Sarno also used to pick out his ideal patients (those who were willing to accept his method) and refused to work with those who were not open to the mindbody connection - kind of like me and the clients I coach!
The Sarno method is now getting validated
It seems that Sarno was incredibly ahead of his time. Luckily, the latest findings in neuroscience and neuroplasticity today are now backing up Sarno’s theories.
A recent trial on Pain Reprocessing Therapy (the approach used to treat Neuroplastic TMS Pain) has had amazing results. The group educated on PRT had the best results compared to the Placebo Group and the group that underwent conventional back pain treatment."*
Research on mindfulness meditation and other forms of meditation for chronic pain has also shown that there really is a physical change in the brain when we meditate, and this in turn affects our body’s fight or flight response - the same response that is responsible for chronic pain!
It gets even more exciting - but for more info, you should consult my TMS Resources section.
* 'Yoni K. Ashar, PhD; Alan Gordon, LCSW4; Howard Schubiner, MD et al, ‘Effect of Pain Reprocessing Therapy vs Placebo and Usual Care for Patients With Chronic Back Pain: A Randomized Clinical Trial’, Jama Psychiatry, September 2021.
Tension Myositis Syndrome FAQs
What is Tension Myositis Syndrome?
Tension Myoneural Syndrome, known as TMS or Mindbody Syndrome, is a term coined by Dr John Sarno to explain certain chronic pain conditions that were triggered on a subconscious and/or emotional level.
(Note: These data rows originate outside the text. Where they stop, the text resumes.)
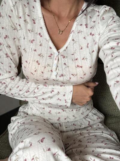 2pcs Women's Ditsy Floral Long Sleeve Top And Pants Set-40%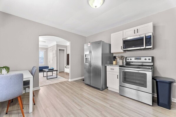 Welcome to our charming 1-bedroom, 1-bath apartment just steps from downtown Wyandotte! Enjoy a massive 65` 4K Roku TV, a spacious kitchen perfect for cooking, and a cozy queen bed fit for royalty. Stay connected with fast WiFi—ideal for work or streaming. Perfect for solo travelers or couples, this apartment offers comfort and convenience within walking distance of local events, shops, and Wyandotte’s vibrant dining scene.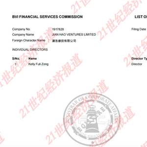 7月21日,21世纪经济报道记者从英属维京群岛金融服务委员会查询得知,娃哈哈争产案第二被告Jian Hao Ventures Limited(建浩创投有限公司)的唯一董事为宗馥莉。该决议及同意任职书最后存档的日期为2024年3月7日。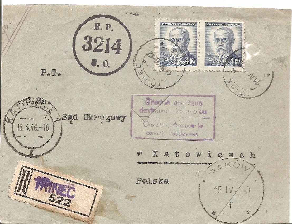 CZECHOSŁOWACJA -TRZYNIEC -przód koperty -obieg 1946 rok -stemple erka
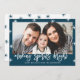 Celebra la temporada navideña con tarjetas de fotos personalizados. El moderno diseño de vacaciones cuenta con un esquema de color blanco y marino, gráficos de estrellas festivas, superposición de tipos de letra de guión de moda y marcadores de posición para una foto y un texto. La tarjeta es perfecta para celebrar Navidades, Hanukah o Año Nuevo.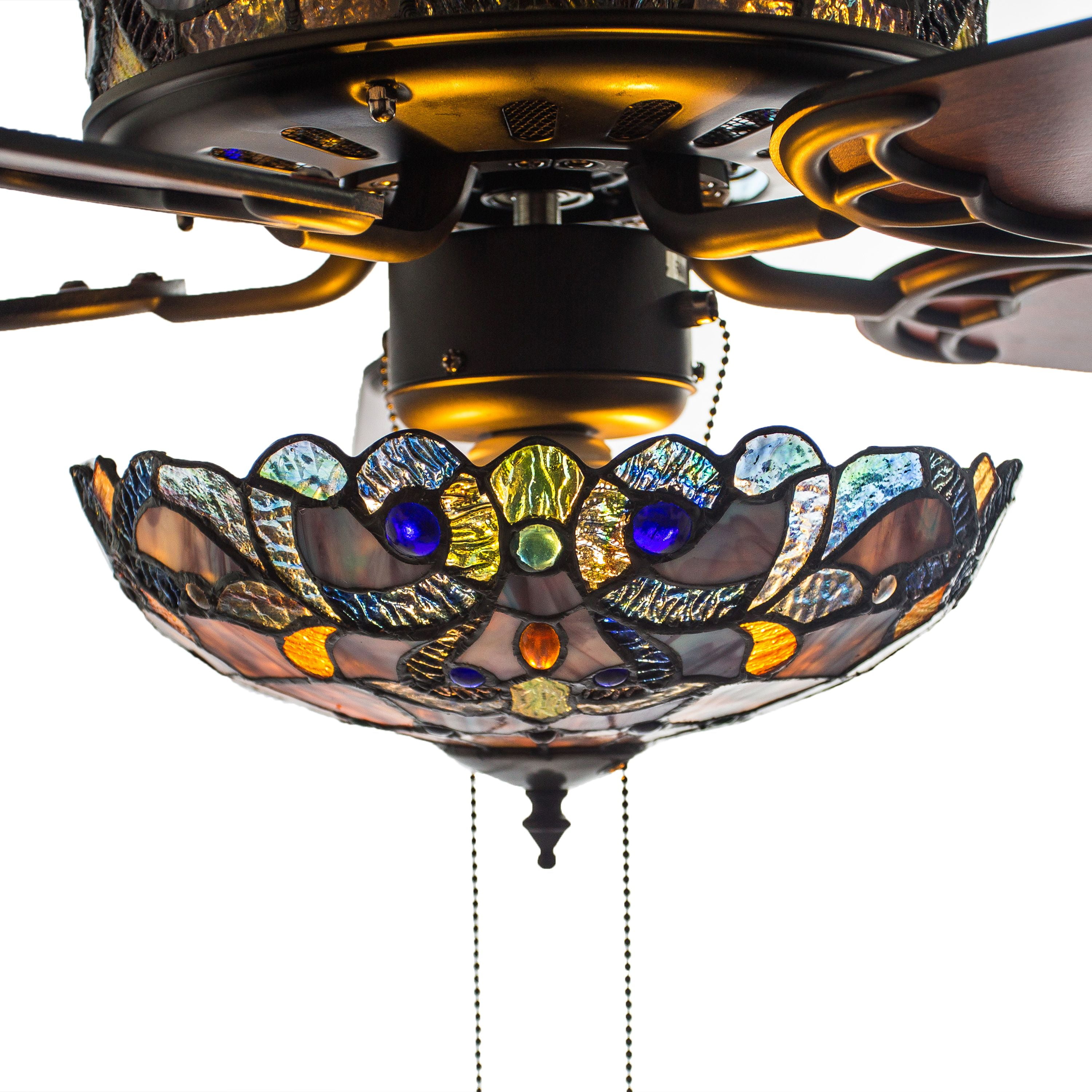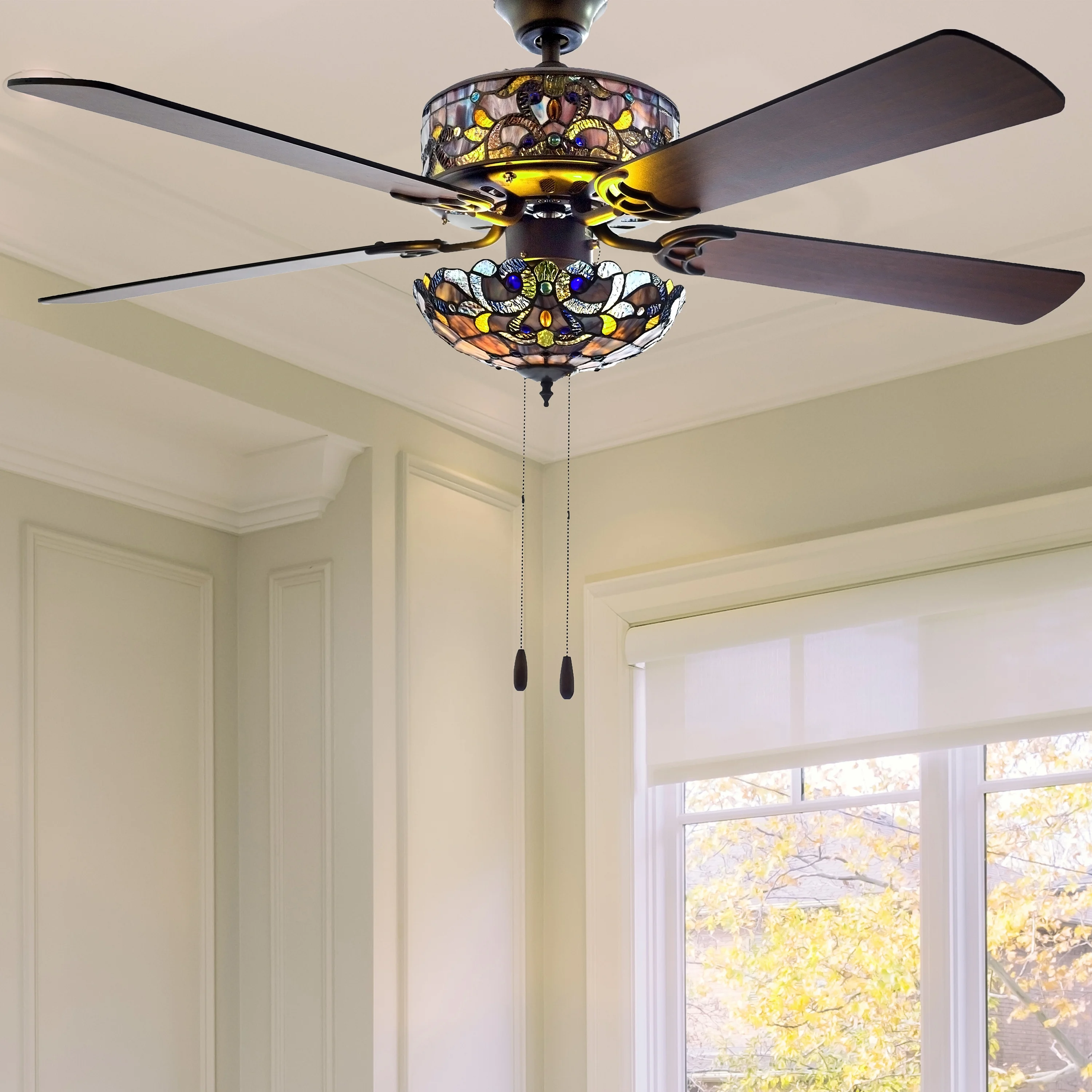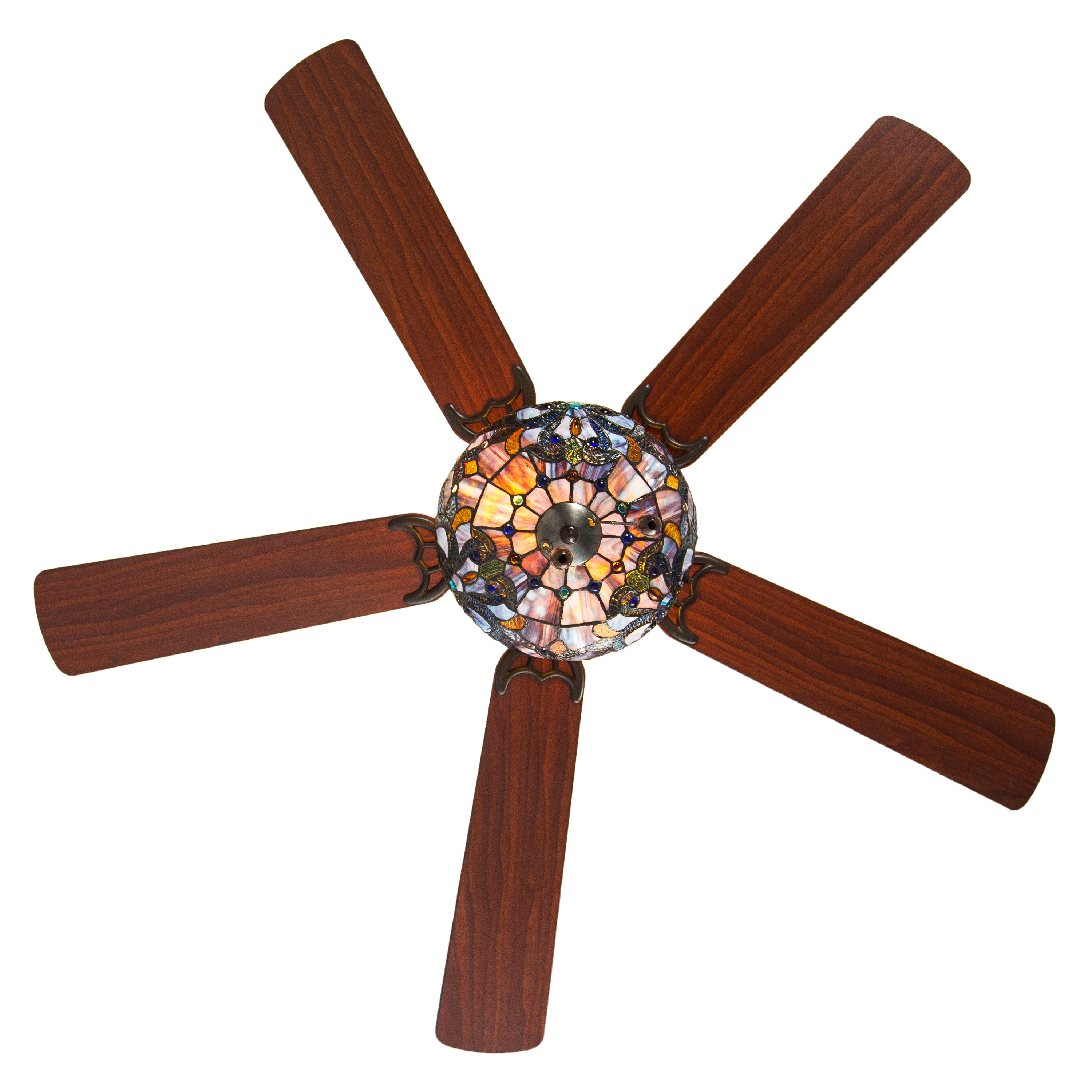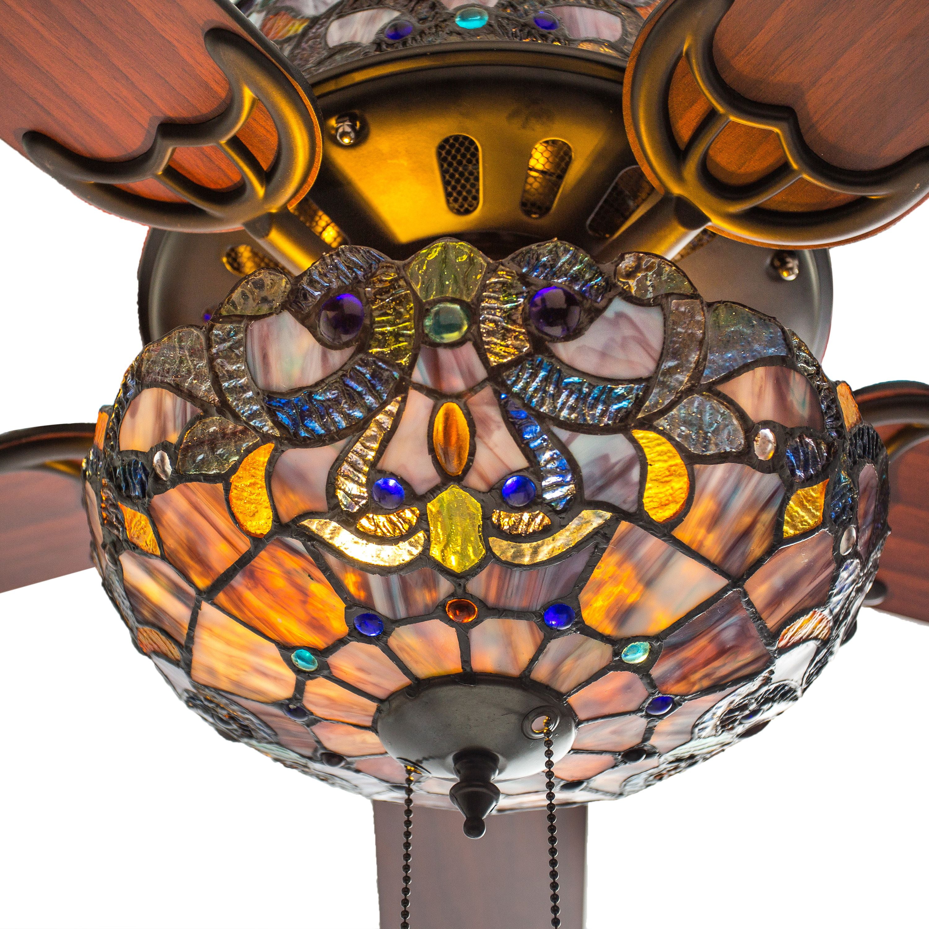 The beauty of stained glass in a functional ceiling fan. Illuminate your home in style and comfort with this Magna Carta designed ceiling fans. Six lights highlight the more than 250 total glass cuts and bring shine to the over 60 glass cabochons. This traditional baroque design is created with striated and ripple glass. Each glass cut has been soldered together using the copper foil method, made famous by Louis Comfort Tiffany in the early 1900s. Every piece of glass is unique in color, so variations may occur making each style special. Five wood grain-textured blades are included with black on one side, and mahogany on the other for reversible color options. Pull chain switches allow for manual power off/on, light operation, and three-speed motor (reversible) . A short 4″ down rod and longer 21″ down rod are included for two display options, as well as flush mount. Three fan speeds and a reversible switch help keep you comfortable year-round. In warm weather, run the fan counterclockwise to stay cool. In cold weather save money by reversing the ceiling fan direction to push warm air down.

The condition leads to real physical pain or other symptoms that are not being caused by pathological or structural abnormalities, but are conditioned in the body as a response to specific triggers and/or psychological processes.
Is Tension Myositis Syndrome real?
Yes, almost everyone has experienced TMS to a certain degree in his or her life. TMS pain is also very real, and is not simply in one’s head. With TMS, the brain works in tandem with the body to create real physical symptoms in response to a given situation or state of being.
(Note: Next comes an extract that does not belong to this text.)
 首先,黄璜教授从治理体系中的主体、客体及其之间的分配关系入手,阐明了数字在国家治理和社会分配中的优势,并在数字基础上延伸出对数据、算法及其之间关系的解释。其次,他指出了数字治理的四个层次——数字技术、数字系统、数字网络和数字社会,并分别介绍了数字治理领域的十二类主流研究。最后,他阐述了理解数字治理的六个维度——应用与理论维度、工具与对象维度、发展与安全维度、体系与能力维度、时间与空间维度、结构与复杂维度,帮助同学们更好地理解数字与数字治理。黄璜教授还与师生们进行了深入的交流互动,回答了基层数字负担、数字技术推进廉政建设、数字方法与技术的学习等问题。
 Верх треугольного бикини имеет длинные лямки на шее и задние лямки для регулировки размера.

What causes Tension Myositis Syndrome?
TMS is a mindbody response to a trigger, stimulus or emotion, which often have negative implications for the individual. This means that symptoms are triggered either in association with a specific event, or following a certain thought process, and then become conditioned to manifest automatically in the body. Conditioning leads to pain and other symptoms becoming programmed in the mind and body, so that we don’t need to consciously ‘think’ about them in order to experience them.
How to treat Tension Myositis Syndrome?
TMS is treated through education, self-awareness and de-conditioning. The person first needs to recognise his or her symptoms as being TMS, and identify what triggers the pain, then learn to recognise which of his/her behaviours and reactions that are contributing to the conditioning of pain in the body. The aim is to change certain automatic responses, bringing them from the subconscious to a more conscious level, thus re-programming the brain and body to stop manifesting pain.
When pain becomes chronic, there are other elements at play besides physical weaknesses or damage. Learning to identify the true underlying cause of symptoms can make a difference between staying in pain and healing the condition.